* What is being asked:
Pull out of the data below the stretch of lines bounded by the one containing "Pokémon Karten. |" and the one containing "ന്യൂഡല്ഹി: എംപവര് ഇന്ത്യ", both bounds included, unchanged.

* Input data:
------------------------------------------------------------------------
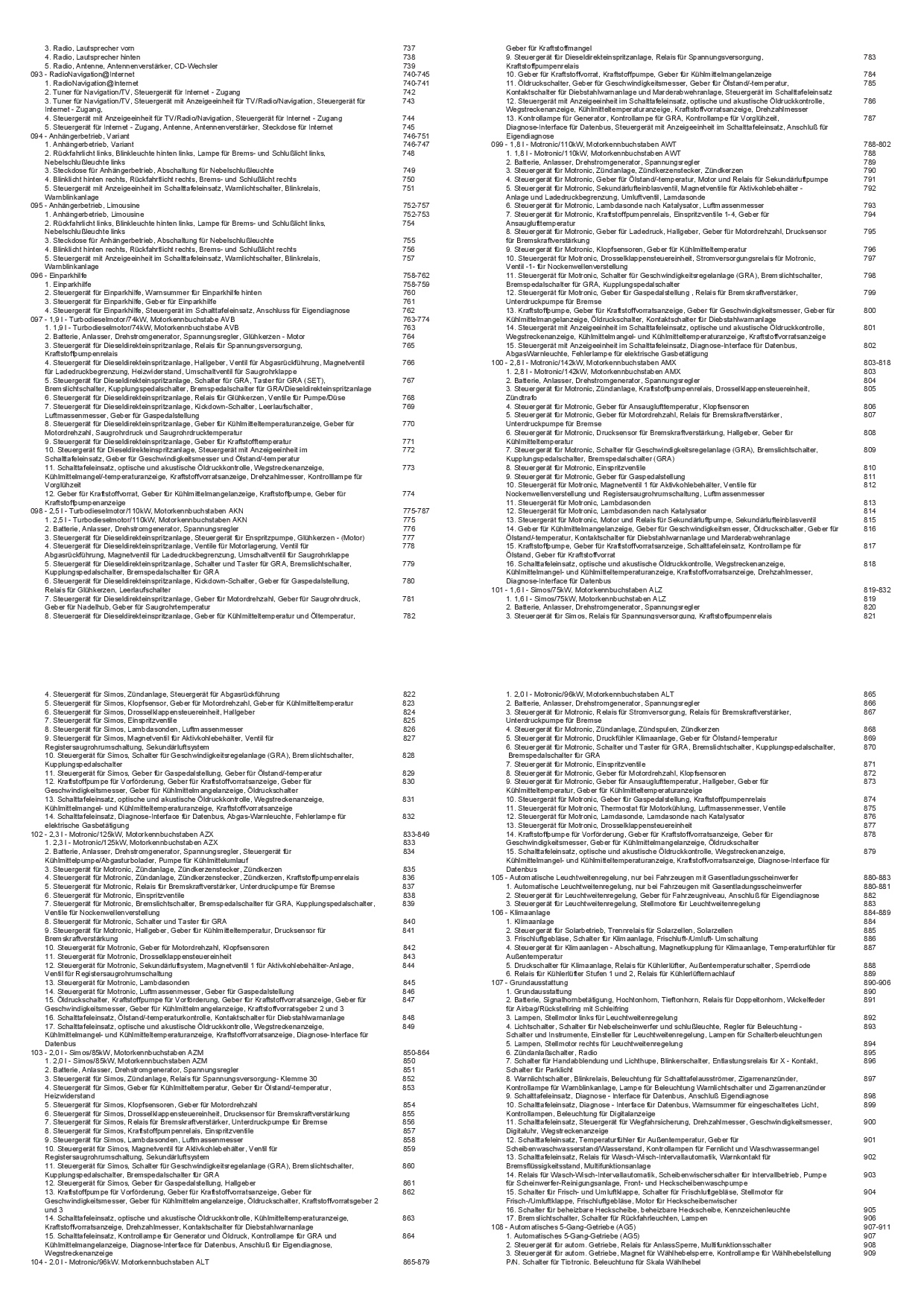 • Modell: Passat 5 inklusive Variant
------------------------------------------------------------------------
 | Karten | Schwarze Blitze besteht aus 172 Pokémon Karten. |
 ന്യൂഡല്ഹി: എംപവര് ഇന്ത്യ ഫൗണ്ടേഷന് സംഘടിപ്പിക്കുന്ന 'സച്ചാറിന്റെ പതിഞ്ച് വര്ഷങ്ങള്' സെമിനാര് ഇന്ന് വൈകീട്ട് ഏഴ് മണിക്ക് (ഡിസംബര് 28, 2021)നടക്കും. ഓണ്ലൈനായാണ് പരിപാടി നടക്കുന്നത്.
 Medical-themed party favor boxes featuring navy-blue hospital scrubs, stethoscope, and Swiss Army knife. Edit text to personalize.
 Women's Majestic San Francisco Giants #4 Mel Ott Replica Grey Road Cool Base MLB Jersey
------------------------------------------------------------------------
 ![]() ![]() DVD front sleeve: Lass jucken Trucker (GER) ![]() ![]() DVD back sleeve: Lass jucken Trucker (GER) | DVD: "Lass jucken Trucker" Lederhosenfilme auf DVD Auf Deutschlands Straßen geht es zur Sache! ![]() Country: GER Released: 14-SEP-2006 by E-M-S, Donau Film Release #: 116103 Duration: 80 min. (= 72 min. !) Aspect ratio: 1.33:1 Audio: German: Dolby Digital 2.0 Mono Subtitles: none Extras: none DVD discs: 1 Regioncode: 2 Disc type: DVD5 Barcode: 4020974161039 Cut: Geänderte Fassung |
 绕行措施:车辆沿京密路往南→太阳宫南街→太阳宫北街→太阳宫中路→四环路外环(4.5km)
------------------------------------------------------------------------
* Solution:
 | Karten | Schwarze Blitze besteht aus 172 Pokémon Karten. |
 ന്യൂഡല്ഹി: എംപവര് ഇന്ത്യ ഫൗണ്ടേഷന് സംഘടിപ്പിക്കുന്ന 'സച്ചാറിന്റെ പതിഞ്ച് വര്ഷങ്ങള്' സെമിനാര് ഇന്ന് വൈകീട്ട് ഏഴ് മണിക്ക് (ഡിസംബര് 28, 2021)നടക്കും. ഓണ്ലൈനായാണ് പരിപാടി നടക്കുന്നത്.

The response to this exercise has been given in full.